他戸親王 (Imperial Prince Osabe)
他戸親王(おさべしんのう、天平宝字5年(761年)? - 宝亀6年4月27日 (旧暦)(775年6月3日)は、奈良時代末期の皇族・皇太子。
父は光仁天皇(当時は白壁王)、母は井上内親王。
聖武天皇の外孫にあたる。
生年については『水鏡』・『一代要記』の年齢記事によれば天平宝字5年となるが、この場合母親の井上内親王が45歳の時の子となってしまい年齢が不自然であるとして、正しい生年を天平勝宝3年(751年)とする歴史学者が多い。
だが、孝謙天皇称徳天皇亡き後に最も皇位に近い立場にいた筈の他戸親王の『続日本紀』における初出が、父・光仁天皇の即位後であること(つまり称徳朝における叙任記録が存在しない)や姉の酒人内親王も井上内親王が37歳の時の子であることを考えた場合、当時でも稀な高齢出産があった可能性も排除出来ない。
このため、本項では天平宝字5年説で解説する。
経歴
親王の父・白壁王は天智天皇の孫である。
だが、既に皇位が天武天皇系に移されて久しく、王自身も皇族の長老ゆえに大納言の高位に列しているだけの凡庸な人物と見られていた。
だが、称徳天皇の時代、天武系皇族は皇位継承を巡る内紛から殆どが粛清されており、めぼしい人物がいなかった。
やがて称徳天皇が死ぬと永手ら藤原氏は他戸王の父である白壁王を皇位継承者として擁立する。

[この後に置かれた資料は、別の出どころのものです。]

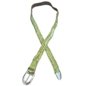 Capezio Vintage Green Leather Braided Belt XXL Chrome Buckle Argentina 2X
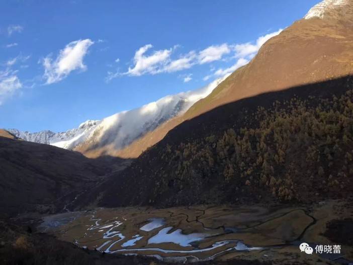 到森林尽头,豁然开朗,一片草甸置于高山暗针叶林和雪山的环抱中。这就是木骡子。坐下来喝一杯热咖啡,看看雪山和云,该多舒服。可惜去年在这儿有惨痛的回忆,此刻只想打了卡就走。太着急离开,跨出围栏时被门槛绊了一下,正面朝下直接扑街,紧跟身后的男选手惊呆。“没事……你先走。”努力抬起头,挥挥手。
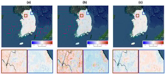 Prediction bias maps showing differences in predicted fire probability values from the mean probability values for each machine learning model: (a) random forest; (b) XGBoost; (c) ANN. Insets present higher-spatial-resolution maps for two locations in the study area.
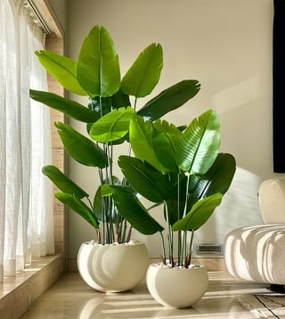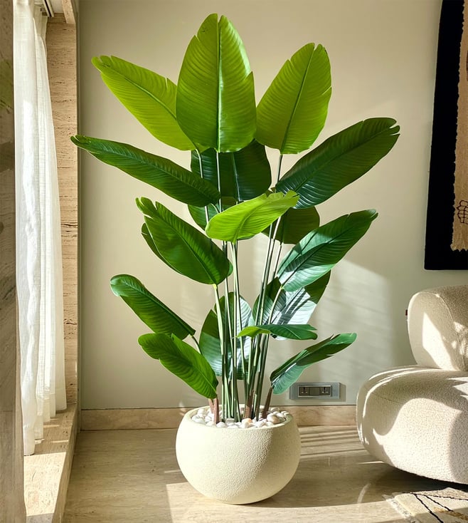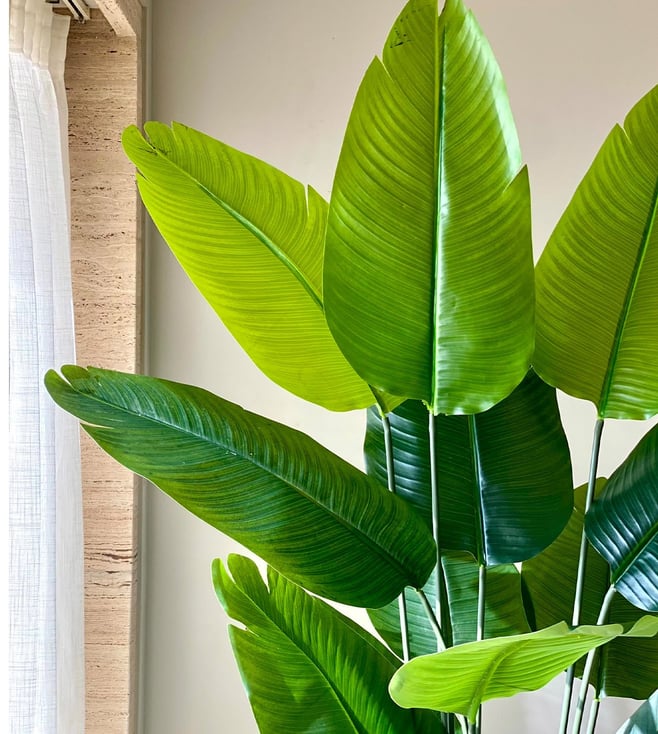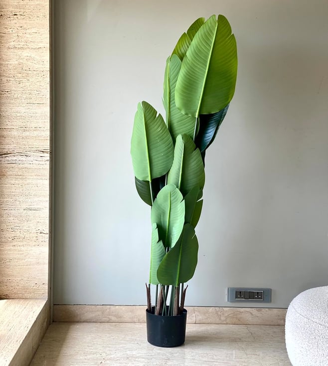 Add a tropical vibe to your space with this lifelike artificial traveller's palm. With its wide, fan-like leaves and sturdy stems, this PVC artificial palm brings the exotic beauty of the tropics indoors without the need for care. Perfect for homes, offices or event decor, it creates a lush, vibrant look all year round. This maintenance-free palm is ideal for adding height and greenery to any room, bringing effortless style to your interior design. Disclaimer: Product colour may slightly vary due to photographic lighting sources. Country of Origin - India.

かくして宝亀元年(770年)に白壁王は即位して光仁天皇となったのである。
翌宝亀2年1月23日 (旧暦)に他戸親王は光仁天皇の皇太子として立てられた。
ところが、それから1ヵ月も経たない2月21日 (旧暦)に左大臣藤原永手が急死して、式家の藤原良継が内臣として政権を握るようになったころから親王の運命は一変する事になる。
宝亀3年(772年)、突如母親である皇后井上内親王が夫である天皇を呪ったという大逆容疑で皇后を廃されて、5月27日 (旧暦)にはこれに連座する形で他戸親王が皇太子を廃される。
更に翌宝亀4年10月19日 (旧暦)には井上内親王が難波内親王(光仁天皇の同母姉)を呪い殺したという容疑を受けて、他戸親王は母とともに庶人とされて、大和国宇智郡(現在の奈良県五條市)没官の邸に幽閉された。
やがて宝亀6年(775年)4月27日、幽閉先で母とともに急死する。
一連の事件は山部親王の立太子を支持していた藤原式家による他戸親王追い落としの陰謀であるとの見方が有力である。
かくして、山部親王が皇太子に立てられてやがて桓武天皇として即位する事になるものの、他戸親王の死後には天変地異が相次ぎ、更に宝亀10年(779年)には周防国で親王の偽者が現れるなど、「他戸親王の怨霊」が光仁・桓武両朝を悩ませる事になっていくのである。